=== Begin Enclosure ===
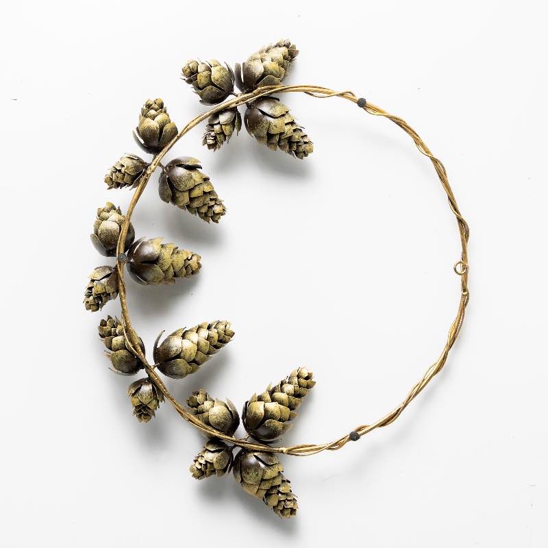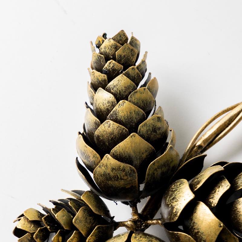 Infuse your autumn decor with the distinctive charm of our metal pinecone wreath. Featuring pinecones artfully arranged on the bottom half, this wreath boasts a warm patina that brings a modern twist to a traditional design. Its monochromatic look makes a striking statement above a mantel, on an interior door, or suspended in front of a mirror. Expertly crafted in...read more
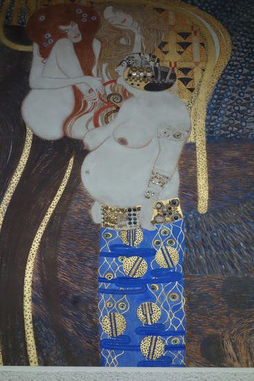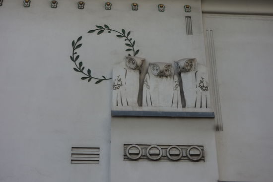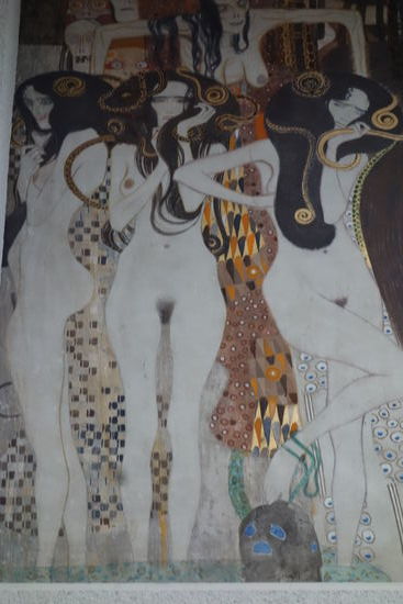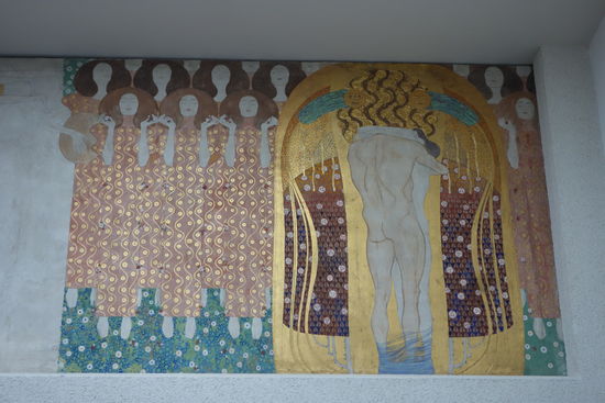 Ein Hauptwerk daraus ist der Beethovenfries von Gustav Klimt, den er eigens für diese große Gruppenausstellung geschaffen hat. (Stirnseite)
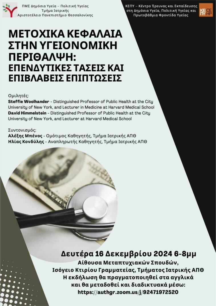 Ανοικτή εκδήλωση του συνδιοργανώνουν το ΠΜΣ “Δημόσια Υγεία – Πολιτική Υγείας” του Τμήματος Ιατρικής ΑΠΘ και το ΚΕΠΥ (Κέντρο Έρευνας και Εκπαίδευσης στη Δημόσια Υγεία, Πολιτική Υγείας και ΠΦΥ) με θέμα “Private Equity in Healthcare: investment trends and harmful effects”.
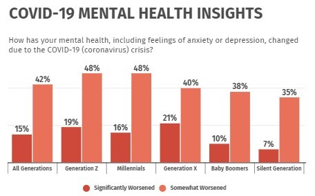48% of Millennials say their mental health has somewhat worsened as a direct result of the coronavirus pandemic, according to a study conducted by NRC Health. 16% reported their mental health significantly worsened.
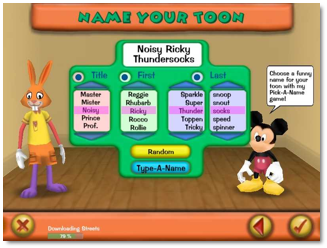 The game starts with you creating your Toon. You can change the head, body, legs, and apparel of your Toon. The Apparel consists of a shirt and a skirt for girls or pants for boys. You can change the colors of all these things as well, creating a wide variety of very interesting creatures! Although you can type a name for your Toon, the program has a fun name creator feature. You can select from a title, first name and last name. The choices are very diverse and all a lot of fun. After viewing a variety of choices, I settled on Noisy Ricky Thundersocks for my Toon’s name. One could spend a lot of time just naming their Toon.
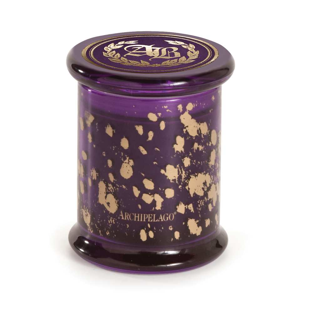 Deep amethyst glass apothecary jar with gold accents for a beautiful presentation.
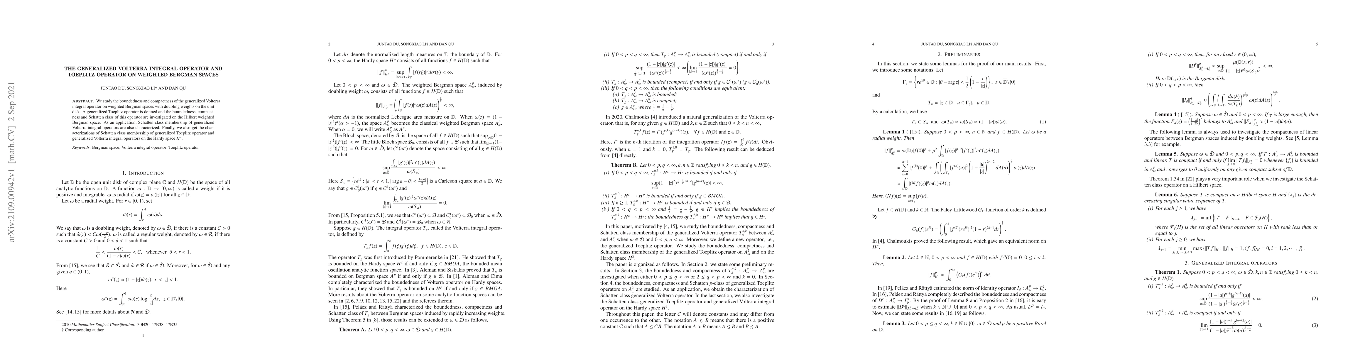 We study the boundedness and compactness of the generalized Volterra integral operator on weighted Bergman spaces with doubling weights on the unit disk. A generalized Toeplitz operator is defined and the boundedness, compactness and Schatten class of this operator are investigated on the Hilbert weighted Bergman space. As an application, Schatten class membership of generalized Volterra integral operators are also characterized. Finally, we also get the characterizations of Schatten class membership of generalized Toeplitz operator and generalized Volterra integral operators on the Hardy space $H^2$.
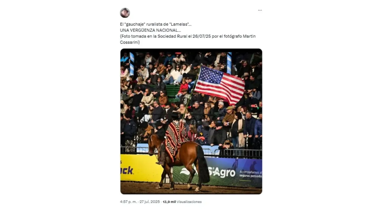Uma foto de um gaúcho carregando uma bandeira dos Estados Unidos na abertura da 137ª Exposição Rural está circulando no X. “O ‘gauchaje’ ruralista de ‘Lamelas’… UMA VERGONHA NACIONAL…” dizem algumas postagens, que têm mais de 13.000 visualizações no X.
=== End Enclosure ===
*Activity*
Write the entries above out again exactly, but not the pictures.

*Exercise result*
 Infuse your autumn decor with the distinctive charm of our metal pinecone wreath. Featuring pinecones artfully arranged on the bottom half, this wreath boasts a warm patina that brings a modern twist to a traditional design. Its monochromatic look makes a striking statement above a mantel, on an interior door, or suspended in front of a mirror. Expertly crafted in...read more
 Ein Hauptwerk daraus ist der Beethovenfries von Gustav Klimt, den er eigens für diese große Gruppenausstellung geschaffen hat. (Stirnseite)
 Ανοικτή εκδήλωση του συνδιοργανώνουν το ΠΜΣ “Δημόσια Υγεία – Πολιτική Υγείας” του Τμήματος Ιατρικής ΑΠΘ και το ΚΕΠΥ (Κέντρο Έρευνας και Εκπαίδευσης στη Δημόσια Υγεία, Πολιτική Υγείας και ΠΦΥ) με θέμα “Private Equity in Healthcare: investment trends and harmful effects”.
48% of Millennials say their mental health has somewhat worsened as a direct result of the coronavirus pandemic, according to a study conducted by NRC Health. 16% reported their mental health significantly worsened.
 The game starts with you creating your Toon. You can change the head, body, legs, and apparel of your Toon. The Apparel consists of a shirt and a skirt for girls or pants for boys. You can change the colors of all these things as well, creating a wide variety of very interesting creatures! Although you can type a name for your Toon, the program has a fun name creator feature. You can select from a title, first name and last name. The choices are very diverse and all a lot of fun. After viewing a variety of choices, I settled on Noisy Ricky Thundersocks for my Toon’s name. One could spend a lot of time just naming their Toon.
 Deep amethyst glass apothecary jar with gold accents for a beautiful presentation.
 We study the boundedness and compactness of the generalized Volterra integral operator on weighted Bergman spaces with doubling weights on the unit disk. A generalized Toeplitz operator is defined and the boundedness, compactness and Schatten class of this operator are investigated on the Hilbert weighted Bergman space. As an application, Schatten class membership of generalized Volterra integral operators are also characterized. Finally, we also get the characterizations of Schatten class membership of generalized Toeplitz operator and generalized Volterra integral operators on the Hardy space $H^2$.
Uma foto de um gaúcho carregando uma bandeira dos Estados Unidos na abertura da 137ª Exposição Rural está circulando no X. “O ‘gauchaje’ ruralista de ‘Lamelas’… UMA VERGONHA NACIONAL…” dizem algumas postagens, que têm mais de 13.000 visualizações no X.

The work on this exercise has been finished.